Джимми просто мотнул головой в сторону лестницы.

Лоррелл разнервничалась еще больше.

– Может, встретимся прямо там? Я сейчас, – промямлила она, старательно отводя взгляд.

– Не заставляй меня ждать слишком долго, слышишь? Я хочу кусочек этого тортика, – прошептал Джимми и ушел.

Целых пятнадцать минут у Лоррелл ушло на то, чтобы подняться по ступеням. Сначала она показывала Дине кольцо, предложила мисс Барбаре помочь вымыть посуду и убрать беспорядок, оставшийся после вечеринки, а потом притворилась, что читает статью в газете с речью, которую Мартин Лютер Кинг произнес во время митинга, названного в газете «маршем на Вашингтон». Когда Дина наконец поднялась к себе, мисс Барбара успокоилась, раз никому больше ничего не нужно, а СиСи пошел посидеть с музыкантами в бар для цветных, расположенный по соседству, Лоррелл собрала наконец силы, чтобы дотащиться на трясущихся ногах до третьего этажа. Она потопталась перед дверью и только потом тихонько постучала. Дверь открылась почти мгновенно, словно Джимми стоял за ней и ждал. Он затащил Лоррелл в номер и тихонько закрыл дверь.

– Ты где была, ягодка моя? Я уж думал, ты никогда не придешь с моим тортиком.

– Ой, черт, я забыла торт внизу. Давай я принесу тебе кусочек, – пробормотала Лоррелл и направилась к выходу.

Джимми схватил ее за руку и притянул к себе.

– Нет, детка, все в порядке. Я лучше попробую на вкус тебя, – сказал он и наклонился, чтобы поцеловать Лоррелл.

Девушка дернулась и отпрянула, придвинувшись к столу. По всему столу были разбросаны ноты, там же стояла сумка с туалетными принадлежностями, приоткрытая ровно настолько, чтобы Лоррелл увидела запас кокаина в маленьком пластиковом пакетике. За стеной слышались стоны Эффи и какой-то приглушенный стук. Услышав шум, который издавала ее лучшая подруга, занимаясь любовью, Лоррелл смутилась и отскочила от стены как от огня и тут же налетела на Джимми, который незаметно подошел и встал рядом.

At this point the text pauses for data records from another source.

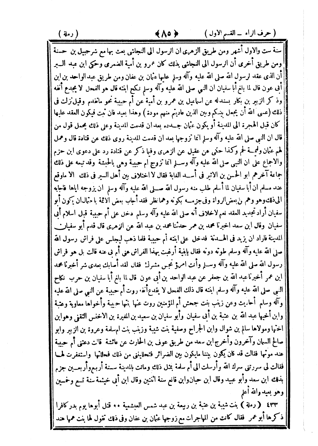 <85> سنة ست والأول أشهر ومن طريق الزهري أن الرسول الى النجاشي بعث بها مع شرحبيل بن حسنة ومن طريق أخرى أن الرسول الى النجاشي بذلك كان عمرو بن أمية الضمري وحكى بن عبد البر أن الذي عقد لرسول الله صلى الله عليه وسلم عليها عثمان بن عفان ومن طريق عبد الواحد بن أبي عون قال لما بلغ أبا سفيان أن النبي صلى الله عليه وسلم نكح ابنته قال هو الفحل لا يقدع أنفه وذكر الزبير بن بكار بسند له عن إسماعيل بن عمرو بن أمية عن أم حبيبة نحو ما تقدم وقيل نزلت في ذلك عسى الله أن يجعل بينكم وبين الذين عاديتم منهم مودة وهذا بعيد فإن ثبت فيكون العقد عليها كان قبل الهجرة الى المدينة أو يكون عثمان جدده بعد أن قدمت المدينة وعلى ذلك يحمل قول من قال إن النبي صلى الله عليه وسلم إنما تزوجها بعد أن قدمت المدينة روى ذلك عن قتادة قال وعمل لهم عثمان وليمة لحم وكذا حكى عن عقيل عن الزهري وفيما ذكر عن قتادة رد على دعوى بن حزم الإجماع على أن النبي صلى الله عليه وسلم إنما تزوج أم حبيبة وهي بالحبشة وقد تبعه على ذلك جماعة أخرهم أبو الحسن بن الأثير في أسد الغابة فقال لا اختلاف بين أهل السير في ذلك إلا ما وقع عند مسلم أن أبا سفيان لما أسلم طلب منه رسول الله صلى الله عليه وسلم أن يزوجه إياها فأجابه الى ذلك وهو وهم من بعض الرواة وفي جزمه بكونه وهما نظر فقد أجاب بعض الأئمة باحتمال أن يكون أبو سفيان أراد تجديد العقد نعم لا خلاف أنه صلى الله عليه وسلم دخل على أم حبيبة قبل إسلام أبي سفيان وقال بن سعد أخبرنا محمد بن عمر حدثنا محمد بن عبد الله عن الزهري قال قدم أبو سفيان المدينة فأراد أن يزيد في الهدنة فدخل على ابنته أم حبيبة فلما ذهب ليجلس على فراش رسول الله صلى الله عليه وسلم طوته دونه فقال يا بنية أرغبت بهذا الفراش عني أم بي عنه قالت بل هو فراش رسول الله صلى الله عليه وسلم وأنت امرؤ نجس مشرك فقال لقد أصابك بعدي شر أخبرنا محمد بن عمر أخبرنا عبد الله بن جعفر عن عبد الواحد بن أبي عون قال لما بلغ أبا سفيان بن حرب نكاح النبي صلى الله عليه وسلم ابنته قال ذلك الفحل لا يقدع أنفه روت أم حبيبة عن النبي صلى الله عليه وسلم أحاديث وعن زينب بنت جحش أم المؤمنين روت عنها بنتها حبيبة وأخواها معاوية وعتبة وابن أخيها عبد الله بن عتبة بن أبي سفيان وأبو سفيان بن سعيد بن المغيرة بن الأخنس الثقفي وهو بن أختها ومولياها سالم بن سوال وأبو الجراح وصفية بنت شيبة وزينب بنت أم سلمة وعروة بن الزبير وأبو صالح السمان وآخرون وأخرج بن سعد من طريق عوف بن الحارث عن عائشة قالت دعتني أم حبيبة عند موتها فقالت قد كان يكون بيننا ما يكون بين الضرائر فتحللينني من ذلك فحللتها واستغفرت لها فقالت لي سررتني سرك الله وأرسلت الى أم سلمة بمثل ذلك وماتت بالمدينة سنة أربع وأربعين جزم بذلك بن سعد وأبو عبيد وقال بن حبان وابن قانع سنة اثنتين وقال بن أبي خيثمة سنة تسع وخمسين وهو بعيد والله أعلم رملة بنت شيبة بن ربيعة بن عبد شمس العبشمية قتل أبوها يوم بدر كافرا ذكرها أبو عمر فقال كانت من المهاجرات هاجرت مع زوجها عثمان بن عفان وفي ذلك تقول لها بنت عمها هند §
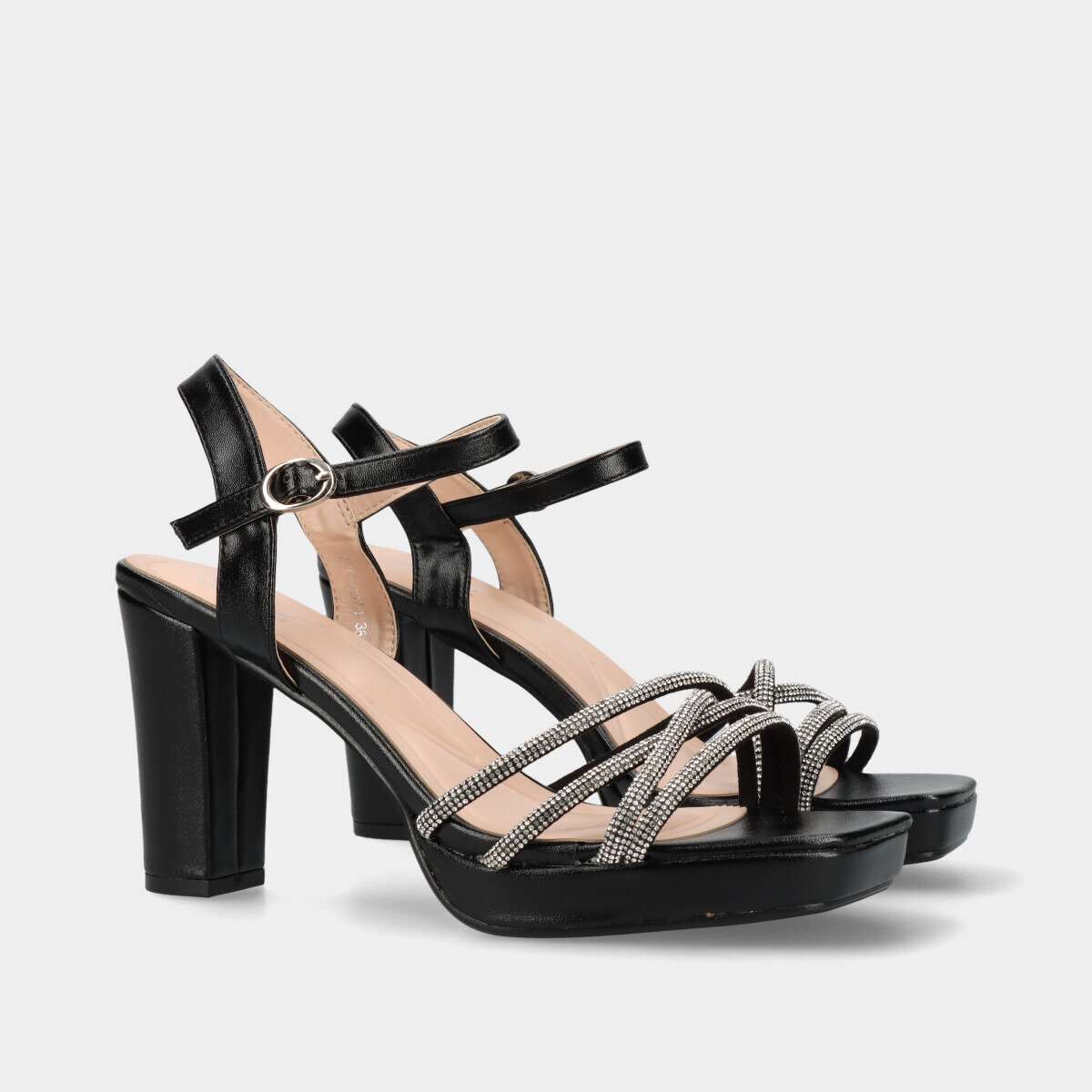 Sandália de salto na cor preta com tiras de cristais e fivela lateral para fácil ajuste.
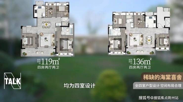 海棠喜舍首开洋房户型面积段为约119㎡和约136㎡,均为四室设计,南北通透,北侧无连廊,完全满足一家人的舒适生活。

– Ну же, малышка, ты ведь не боишься? – спросил Джимми, проводя тыльной стороной ладони по ее щеке.

Он взял ее за подбородок и нежно поцеловал, а потом впился в губы со всей страстью. Лоррелл отстранилась.

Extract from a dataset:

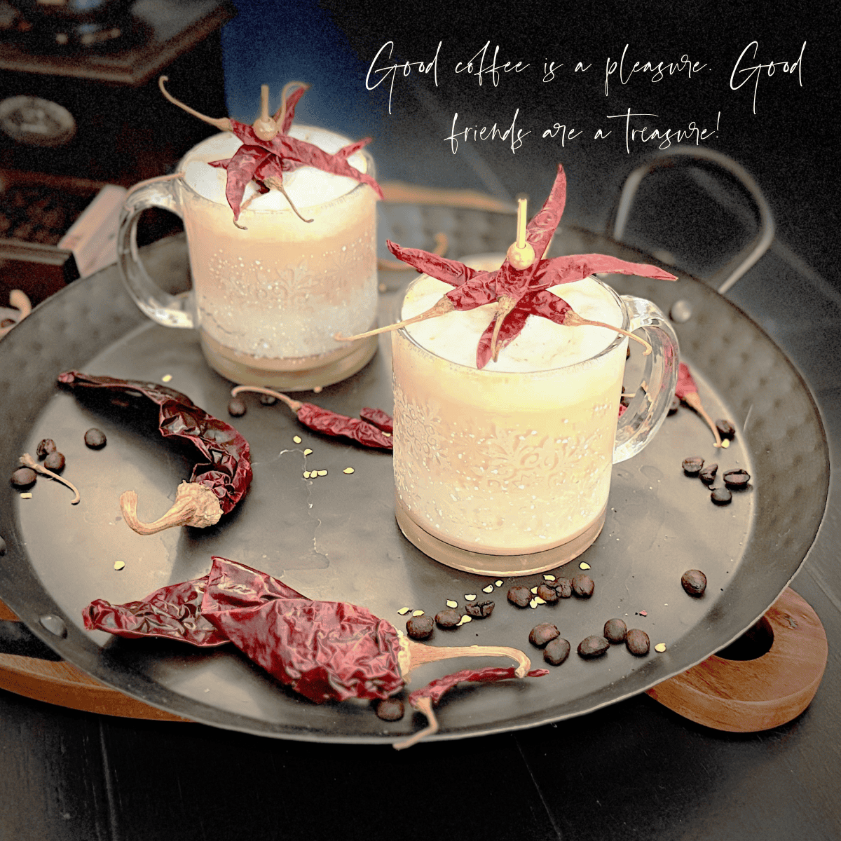 There’s a new fire on the coffee scene, and it’s lighting up the holidays. I’m proud to introduce my newest creation: Fuego Con Bourbon, a bold, creamy latte made with the latest sensation: Café Caliente Coffee with Chile.
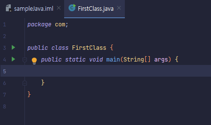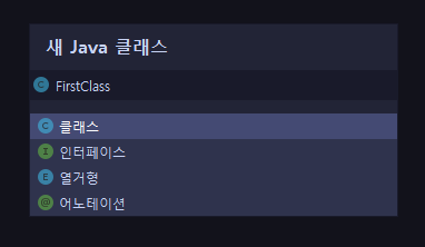 맨 위 클래스가 지정되어있는 것을 확인한 후에 클래스 이름을 짓습니다. 저는 FirstClass라고 지었습니다!

– Я не боюсь, – запинаясь, пробормотала она. – Просто все немножко быстро.

– Не беспокойся, малышка, я не буду торопиться.

– Я не малышка, – перебила Лоррелл. – Я теперь женщина.

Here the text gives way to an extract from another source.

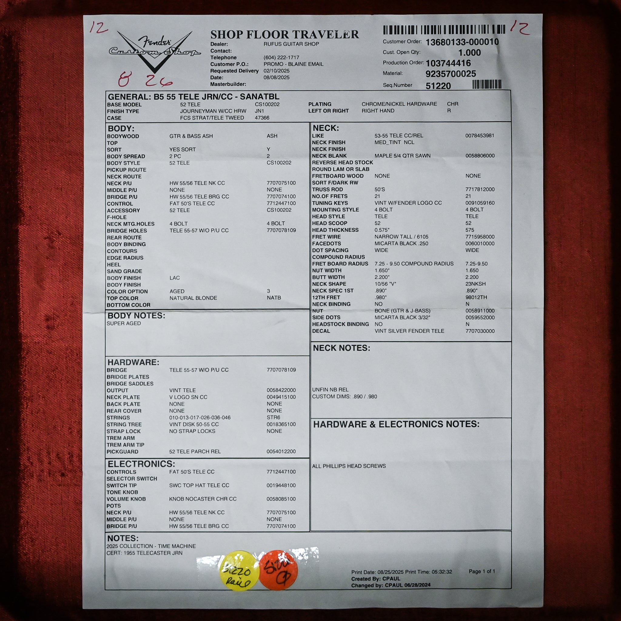 Body Finish: Aged Natural Blonde, Journeyman w/ Closet Classic Hardware Body Material: 2 Piece Sorted Ash
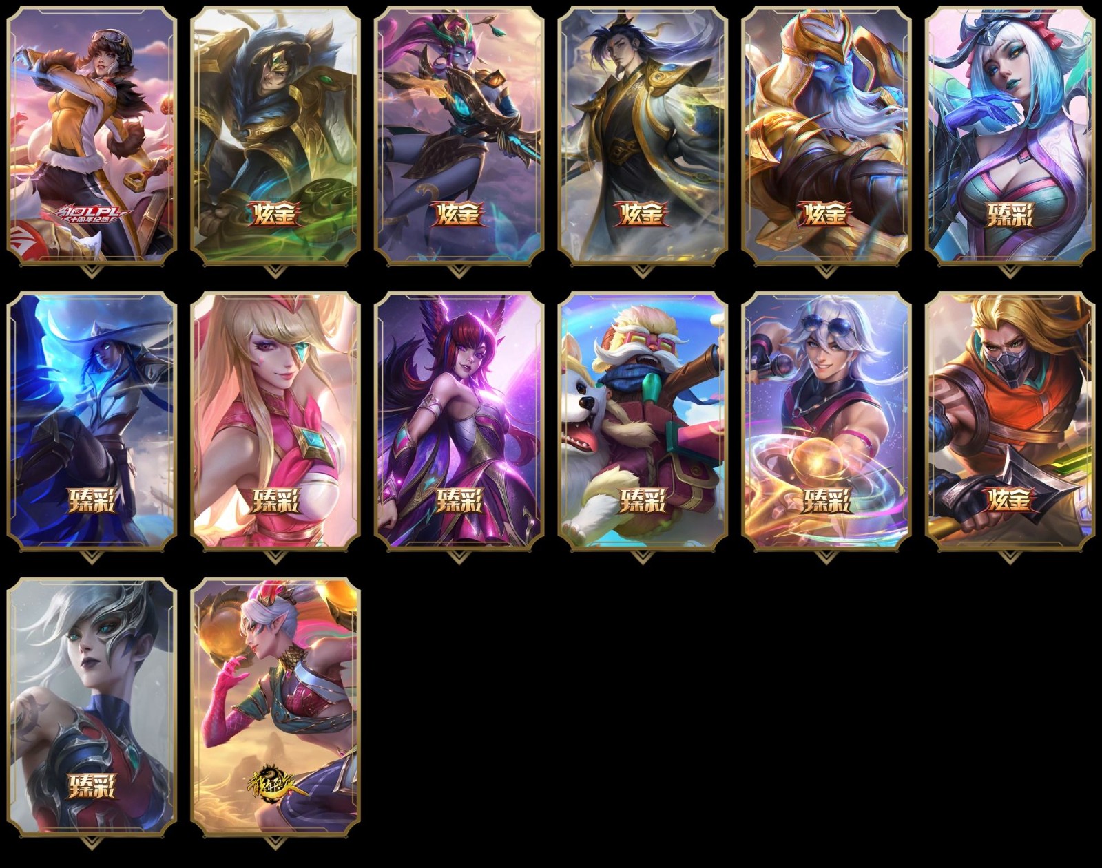 【重要皮肤】青花瓷千珏至臻 女帝黛安娜至臻 太空律动璐璐至臻 魔女乐芙兰至臻 奥术师佐伊至臻 未来战士卢锡安至臻 真实伤害亚索至臻 真实伤害赛娜至臻 福牛守护者菲奥娜至臻 源计划逆流塞拉斯至臻 源计划阴劫至臻 王国机神玄武盖伦至臻 暗星墨菲特至臻 征服者贾克斯至臻 KDA二代卡莎至臻 KDA阿狸至臻 KDA阿狸2022至臻 KDA阿卡丽至臻 KDA阿卡丽2022至臻 烈焰美人薇恩至臻 烈焰美人薇恩2022至臻 星之守护者妮蔻至臻 星之守护者妮蔻2022至臻 源计划正义艾瑞莉娅至臻 源计划正义艾瑞莉娅2022至臻 真实伤害奇亚娜至臻 真实伤害奇亚娜2022至臻 绒毛菲兹至臻 绒毛菲兹2022至臻 玉剑传说武剑仙至臻 玉剑传说武剑仙2022至臻 腥红之月亚托克斯至臻 腥红之月亚托克斯2022至臻 海克斯科技瑟庄妮 海克斯科技雷克顿 海克斯科技克格莫 海克斯科技斯维因 海克斯科技玛尔扎哈 海克斯科技波比 海克斯科技嘉文四世 海克斯科技阿木木 海克斯科技魔腾 永恒之森奥恩 暗星科加斯 黎明使者卡尔玛 恐惧新星德莱厄斯 摄魂使者薇恩 胜利剑圣易 胜利女神娑娜 胜利之王泰达米尔 胜利巨口克格莫 战熊骑士瑟庄妮 创星之灵璐璐 荣誉使者玛尔扎哈 电玩勇者锐雯 电玩女神阿狸 星之守护者伊泽瑞尔 玉剑传说舞剑仙 星之守护者佐伊 点心宝贝阿木木 银龙裁决泰隆 替父从军花木兰 神龙烈焰金克丝 碧玉之牙卡西奥佩娅 春晖神女拉克丝 你看见过我的熊猫吗安妮 南天之怒沃里克 美猴王孙悟空 定海神珍孙悟空 玉净夜叉凯特琳 紫金罗刹莫甘娜 广寒仙子嫦娥 虎痴之拳蔚 张辽文远 司马懿仲达 烈焰美人薇恩 纳财大帝塔姆 神龙之翼库奇 征服者贾克斯 王国机神青龙德莱文 王国机神朱雀蕾欧娜 王国机神苍狼瑟提 王国机神白虎贾克斯 王国机神玄武盖伦 胜利女神瑟庄妮 甜心之翎洛 觅心猫猫悠米 水晶玫瑰斯维因 雪球也能爆炸吉格斯 冰雪驯鹿波比 冰雪女神辛德拉 夺命美人卡特琳娜 平安夜女神娑娜 圣诞糖果棒厄运小姐 魅惑女巫厄运小姐 魅惑女巫奈德丽 伯爵卡萨丁 大魔法锅布里茨 灵魂收割者索拉卡 泳池派对凯特琳 泳池派对嘉文四世 泳池派对塔莉垭 泳池派对李青 泳池派对蕾欧娜 泳池派对雷克顿 电玩战魂赫卡里姆 克格汪 制胜金靴李青 制胜金球拉莫斯 EDG厄斐琉斯 EDG佛耶戈 EDG格雷福斯 EDG悠米 EDG佐伊 DWG崔斯特 DWG烬 DWG凯南 DWG蕾欧娜 DWG奈德丽 FPX锤石 FPX薇恩 FPX李青 FPX普朗克 FPX墨菲特 iG卡蜜尔 iG洛 iG卡莎 iG艾瑞莉娅 iG乐芙兰 iG菲奥娜 SSG霞 SSG纳尔 SKTT1阿利斯塔 SKTT1卡莉丝塔 SKTT1瑞兹 SKTT1阿兹尔 SKTT1雷克顿 SSW锤石 SSW雷恩加尔 SSW泰隆 SSW图奇 SKTT1贾克斯 暗杀星奥莉安娜 暗杀星蒙多 暗杀星伊泽瑞尔 暗杀星慎 Fnatic库奇 Fnatic古拉加斯 Fnatic嘉文四世 冰雪节格雷福斯 冰雪节辛吉德 防暴士兵格雷福斯 防暴士兵辛吉德 冠军典狱长锤石 冠军掠夺者卡兹克 冠军蔷薇乐芙兰 冠军之矛卡莉丝塔 冠军之血希瓦娜 冠军之隐劫 冠军之志瑞兹 鬼影森森茂凯 鬼影重重魔腾 胡桃夹子萨科 警用试作体K9内瑟斯 密林猎手提莫 南瓜头费德提克 破空枪骑孙悟空 圣诞精灵崔丝塔娜 圣诞狂欢基兰 圣诞狂欢努努和威朗普 圣诞老人古拉加斯 圣诞玩偶波比 圣诞驯鹿克格莫 外星装甲库奇 无头骑士赫卡里姆 喜庆之树茂凯 邪恶圣诞老人维迦 幸福女神乐芙兰 雪默丁格 野兽猎人瑟庄妮 野兽猎人泰达米尔 英勇玩具兵普朗克 勇者阿狸 勇者奈德丽 征服者阿利斯塔 征服者韦鲁斯 暗影沃里克 阿木木主人不要我了 波比的巧克力工坊 都铎王朝图奇 十五周年纪念希维尔 十周年纪念安妮 神凰行者瑞羽圣凰艾尼维亚 胜利凤凰艾尼维亚 暗裔英雄盖伦 大元素使拉克丝 未来战士伊泽瑞尔 武装战姬厄运小姐 KDAALLOUT萨勒芬妮独立音乐人 KDAALLOUT萨勒芬妮明日新星 KDAALLOUT萨勒芬妮超级巨星 绝息圣堂洛

– Я знаю, – сказал Джимми, а визг Эффи буквально поставил точку после его слов. – А я мужчина. И хочу всего лишь любить тебя, как мужчина любит женщину. – Он повел ее к кровати.

Лоррелл нервно взглянула на постель, а потом на него:

– Я никогда. раньше этим не занималась.

– Тсс… я все знаю, – сказал он, целуя ее в губы, а сам тем временем расстегивал молнию на платье. Лоррелл старательно смотрела в сторону или в пол, но Джимми повернул ее личико к себе. – Расстегни мне рубашку, пока я помогу тебе выбраться из платья. нежно и непринужденно.

Когда все закончилось, Лоррелл расплакалась. Джимми покрывал ее лицо поцелуями и успокаивал, а Лоррелл зажимала рот рукой в слабой попытке положить конец истерике.

– Тсс, малышка, ну же, все будет хорошо, – сказал Джимми, не переставая целовать ее.

Лоррелл отвернулась, но Джимми прильнул к ее телу, лаская и успокаивая девушку, пока она тихо плакала, уткнувшись в подушку.

– Ты теперь моя, малышка. Официально. А я твой, слышишь? Теперь мы вместе.

Лоррелл, утешившись мыслью о том, что теперь она девушка Джимми Эрли, вытерла слезы, катившиеся по щекам, и улыбнулась.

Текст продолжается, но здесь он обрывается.